“You
must be willing to wait without giving up. After you have done what God wants
you to do, God will give you what He promised you.” Hebrews 10:36
I had
one significant misunderstanding about track and field until late into my
teens; I thought that a runner had to jump the hurdles without touching even
one. Imagine my surprise to see runners actually kick a hurdle or two over, yet
continue in the race. I thought there must be some sort of penalty. But no, you
could kick every hurdle down as long as you went over them all. Of course, it
slowed your whole race down quite a bit, so it made sense to leap across
without touching them.
Sometimes
we can think the hurdles in life are enough reason to give up. Or perhaps we
imagine a life without hurdles for those who obey God the best. Most of the
people I’ve met who have done great things are also those who have endured the
most obstacles. So, the writer of Hebrews encourages us to wait out those tough
times without giving up.
I am
reading a biography of the lauded guitarist Doc Watson. Born blind and brought
up in the backwoods of the Appalachians during the long depression of the 30s,
one would think he had little chance of living a normal life. But, due to a
great talent for music, a father who encouraged him to try anything he set his
mind to, and a mindset that there was nothing that could stop him, he rose to
fame as a brilliant musician. One is touched, though, not by his fame, but by
his great heart and generosity.
His
peers tell story after story of his hospitality. Even when he stilled lived in
poverty, making do in a tiny two bedroom shack in the hill country; he and his
wife would welcome musicians to stay with them for weeks at a time. From their
meager gleanings, they always put out the best spread possible. The well-known
singer Maria Muldaur was one who the great guitarist hosted. A native of New
York City, she was amazed at the door Watson always had open, even in the
poorest of times.
That
heart of generosity was forged through years of trial. Though he was turned
down by one radio show after another because of his blindness, Watson never
allowed himself to become bitter. Instead, he kept playing, busking for nickels
in Boone, NC, playing at dancing and listening to every musician who came
through. His tenacity eventually led him to play with the fame duo Earl and
Scruggs early in their career.
Five
years ago I was diagnosed with New Daily Persistent Headache. I am never
without pain. I go to sleep with my head on fire and wake up not wanting to
lift my head off the pillow. Yet, I want to tell that pain that it will not
define my life. I will not turn back because I have a new hurdle in front of
me.
Yes, I
may have to take life much slower. I may not even make it out of the house on
the most painful days. But I will not stop. I still pastor a church. I hate the
idea that I am hindered, but pain is not the winner, Christ is. I may have to
lead the congregation Jesus has assigned in a new way. I may not be able to
attend every event in town, or may need to excuse myself early. But, I am still
in the race.
Someone
asked me recently how this pain has affected my faith. That is a very complex
question, and not easy to answer. But, if a constant headache without any
relief is enough to cause me to turn back, then what has my faith meant up
until now? Am I to tell God, “Listen, I’ve trusted You through financial
difficulties. I’ve fallen and messed up far too many times. I’ve seen great
success as a pastor and endured failure. But, sorry, Jesus, this headache is
the final straw. You were good up until now, but this headache seals the deal;
I’m out!”
How
silly would that be?

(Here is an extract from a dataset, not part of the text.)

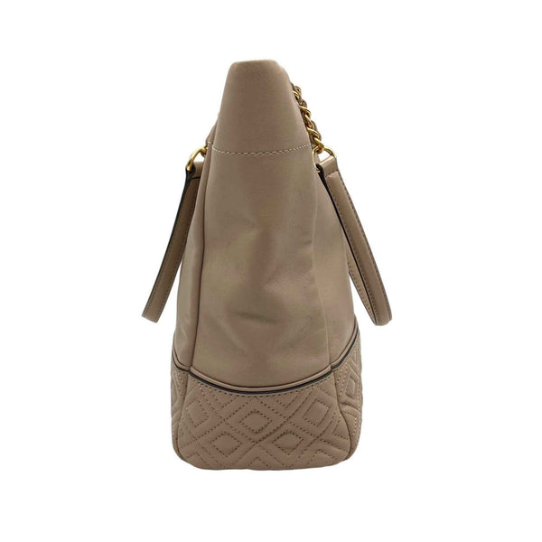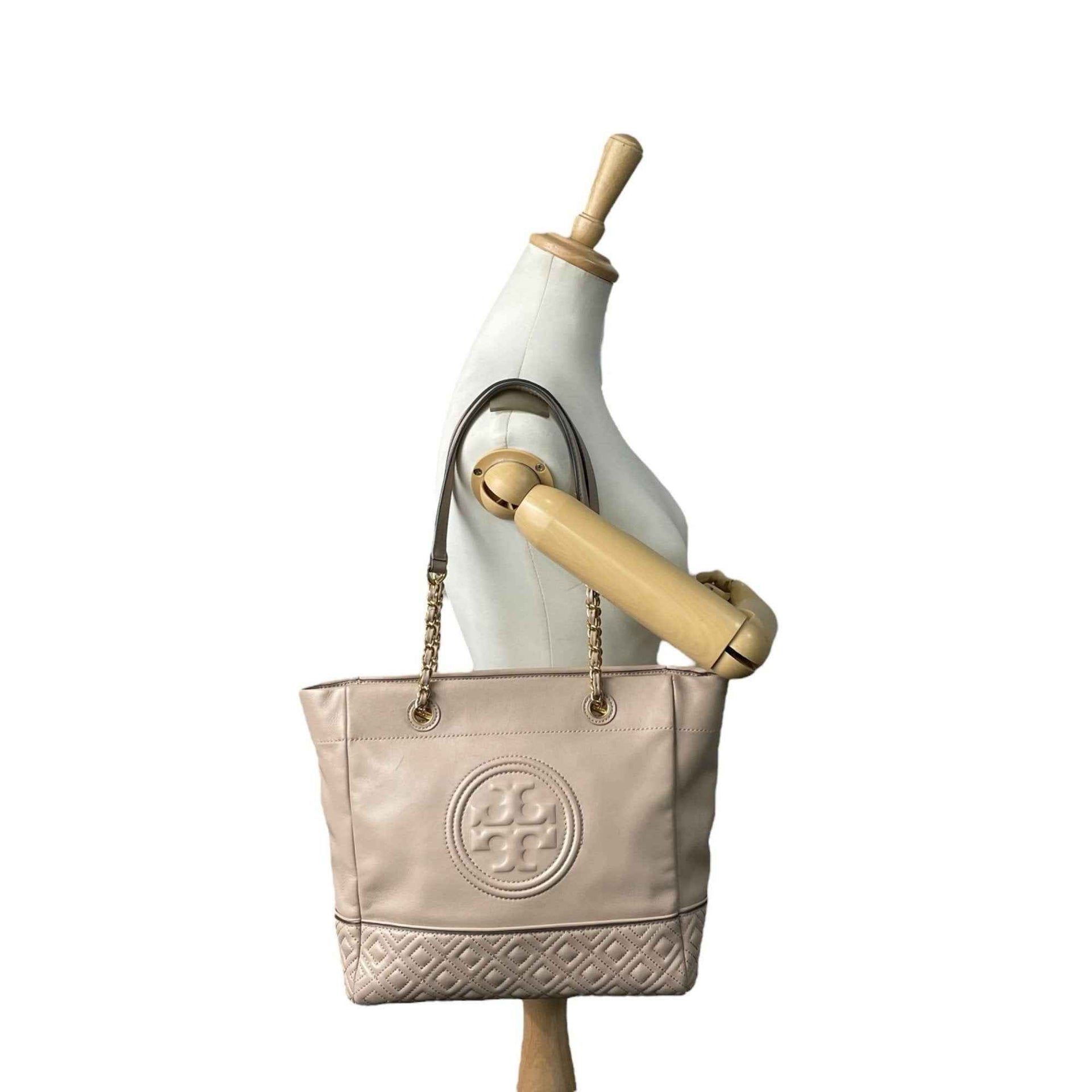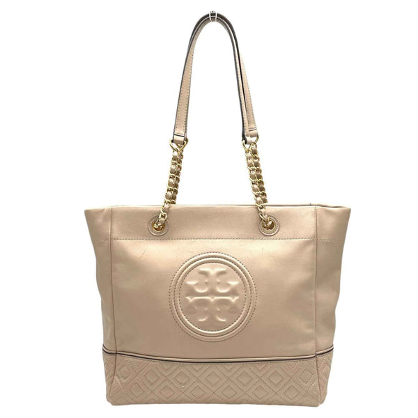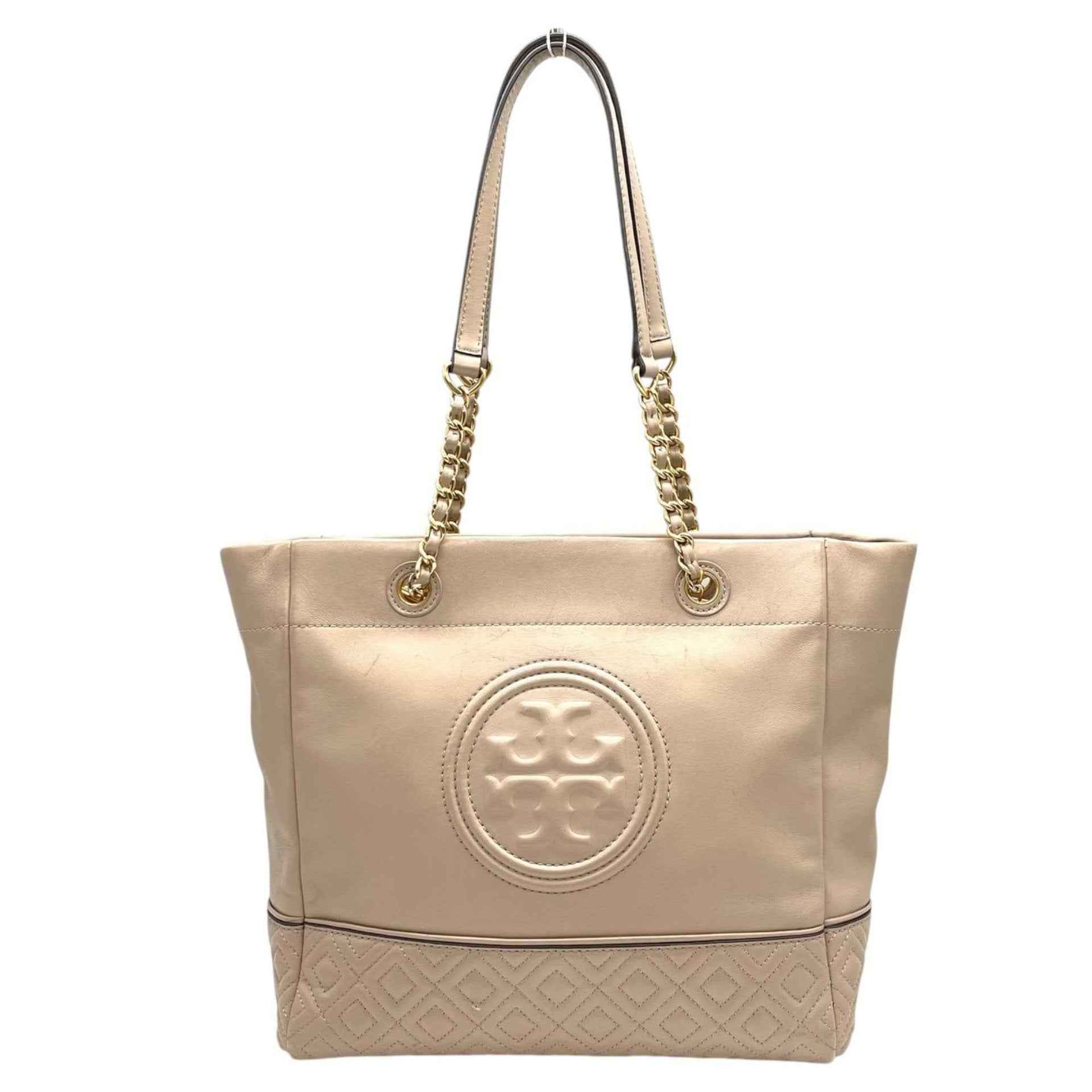 Tory Burch Leather Tote Bag with Chain Shoulder Strap, Beige, Logo Embossed, E10

After having walked with Him for over 40 years, sometimes
side by side, sometimes with Him carrying me, often with my feet dragging in
the dust, why would I allow a physical malady to change my faith? But, I would
be less than honest if I didn’t admit it has caused me real struggle.
Will
there be a time I can no longer work, no longer pastor a church? I do not know.
What will happen, how will I provide for my family if that happens? I am not
sure. But we all face questions like that; perhaps not as the result of a
headache, but we do confront the “what ifs” of our own journey.
Keep
waiting, dear friend. Keep trusting. God only asks you to do what He wants. He
isn’t looking for heroes or for miracle working magicians. He is looking for
people who stay in the race, even when they have knocked every single hurdle
over. God wants people who will trust Him, holding out to the end. Even if you
are lapped more than once, and you finish late into the evening, Father God
still waits at the finish line, along with all those who have gone before. He
will welcome each one who, though the race became difficult and weary at times,
refused to quit, trusting the grace of Christ the same as they did at the beginning.